▶ [PROBLEM STATEMENT]:
The task calls for the lines below from the line with "由于疫情发展迅猛,加之监利与" to the line with "Sintorp är ett", both ends included, copied exactly, without any pictures.
[Opening RECORDS FOR THE EXERCISE section]
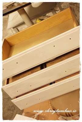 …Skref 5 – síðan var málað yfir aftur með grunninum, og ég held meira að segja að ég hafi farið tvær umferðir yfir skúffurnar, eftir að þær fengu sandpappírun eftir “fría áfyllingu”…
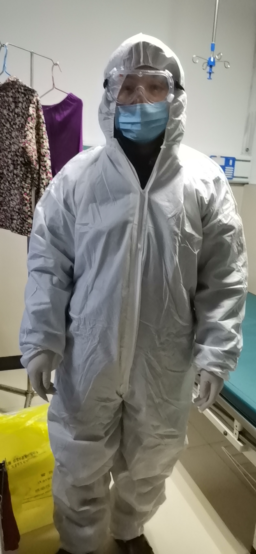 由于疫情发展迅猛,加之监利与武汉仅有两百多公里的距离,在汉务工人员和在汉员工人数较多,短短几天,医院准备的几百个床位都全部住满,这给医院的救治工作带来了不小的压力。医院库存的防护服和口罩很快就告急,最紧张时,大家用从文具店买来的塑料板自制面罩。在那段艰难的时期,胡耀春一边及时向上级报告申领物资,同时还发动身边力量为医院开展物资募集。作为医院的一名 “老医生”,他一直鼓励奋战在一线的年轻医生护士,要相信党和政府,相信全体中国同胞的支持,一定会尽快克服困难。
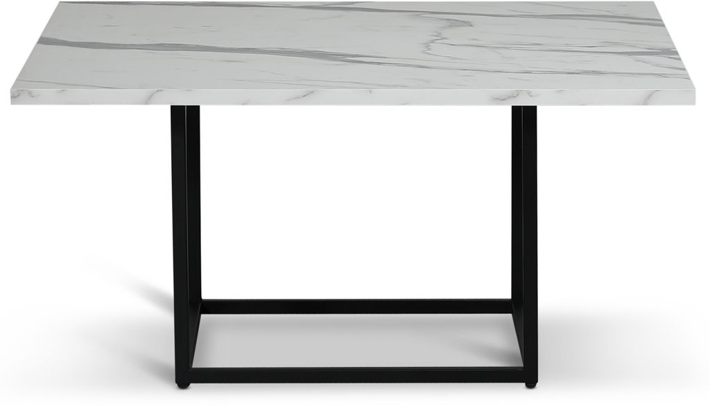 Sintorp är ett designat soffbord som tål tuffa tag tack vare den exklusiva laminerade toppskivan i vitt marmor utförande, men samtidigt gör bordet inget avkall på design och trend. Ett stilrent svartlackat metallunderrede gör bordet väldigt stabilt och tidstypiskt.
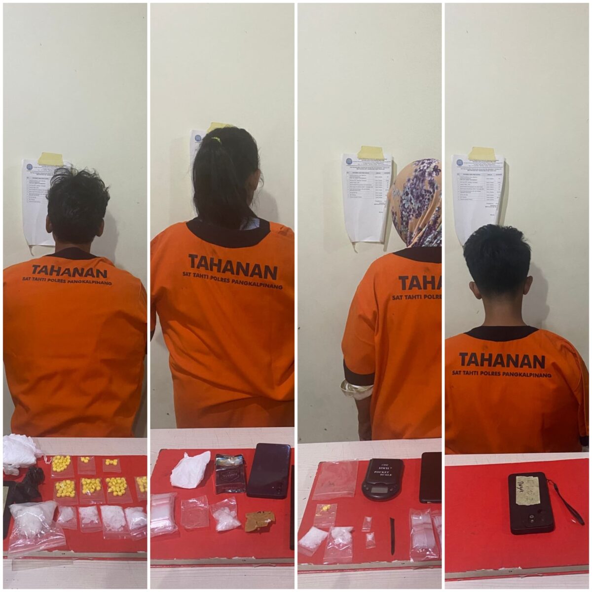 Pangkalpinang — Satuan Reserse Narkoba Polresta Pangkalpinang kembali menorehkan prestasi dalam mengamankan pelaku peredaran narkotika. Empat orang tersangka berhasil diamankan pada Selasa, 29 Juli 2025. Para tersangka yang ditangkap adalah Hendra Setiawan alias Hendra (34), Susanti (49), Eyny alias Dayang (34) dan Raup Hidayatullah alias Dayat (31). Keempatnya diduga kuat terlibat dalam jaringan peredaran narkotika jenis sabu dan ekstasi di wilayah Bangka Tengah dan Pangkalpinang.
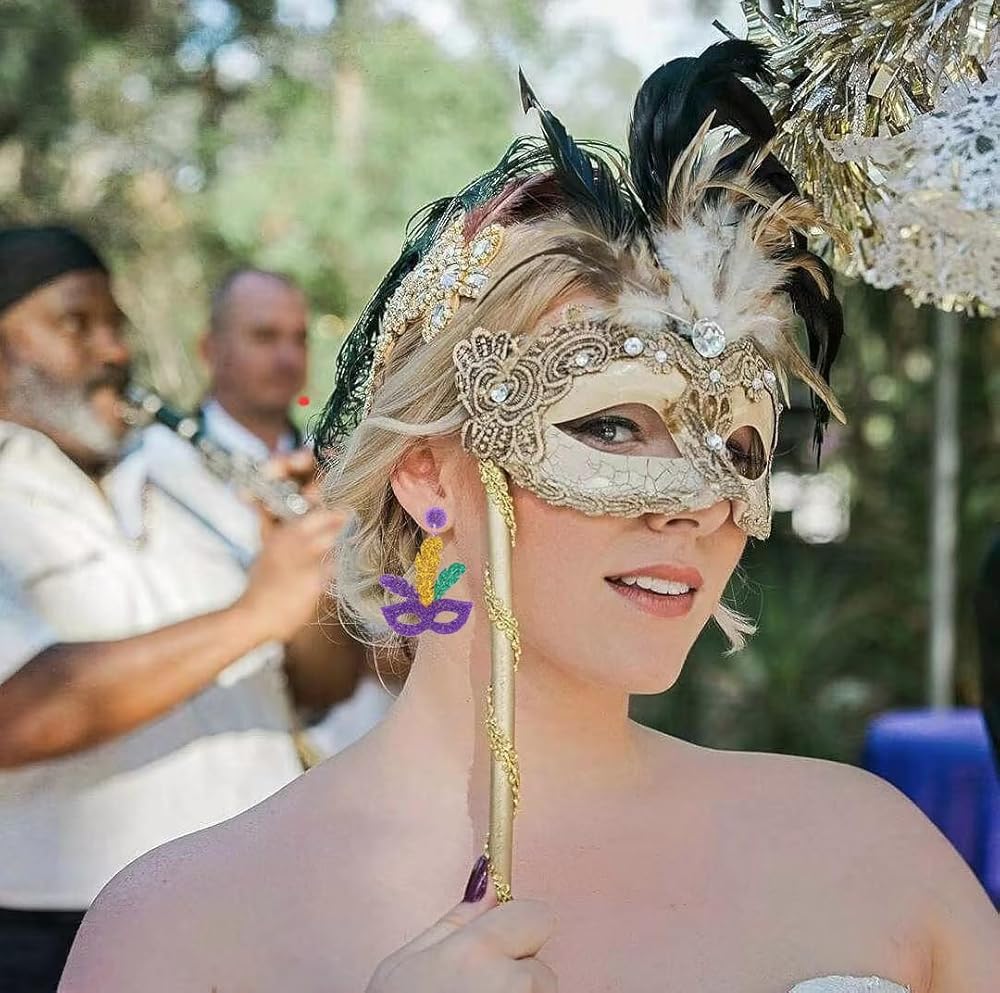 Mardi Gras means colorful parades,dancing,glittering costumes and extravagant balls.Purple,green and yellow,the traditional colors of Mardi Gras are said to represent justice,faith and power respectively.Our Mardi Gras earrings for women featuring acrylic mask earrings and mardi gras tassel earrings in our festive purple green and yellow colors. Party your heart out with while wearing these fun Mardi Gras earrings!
[Closing RECORDS FOR THE EXERCISE section]
▶ [TASK OUTPUT]:
 由于疫情发展迅猛,加之监利与武汉仅有两百多公里的距离,在汉务工人员和在汉员工人数较多,短短几天,医院准备的几百个床位都全部住满,这给医院的救治工作带来了不小的压力。医院库存的防护服和口罩很快就告急,最紧张时,大家用从文具店买来的塑料板自制面罩。在那段艰难的时期,胡耀春一边及时向上级报告申领物资,同时还发动身边力量为医院开展物资募集。作为医院的一名 “老医生”,他一直鼓励奋战在一线的年轻医生护士,要相信党和政府,相信全体中国同胞的支持,一定会尽快克服困难。
 Sintorp är ett designat soffbord som tål tuffa tag tack vare den exklusiva laminerade toppskivan i vitt marmor utförande, men samtidigt gör bordet inget avkall på design och trend. Ett stilrent svartlackat metallunderrede gör bordet väldigt stabilt och tidstypiskt.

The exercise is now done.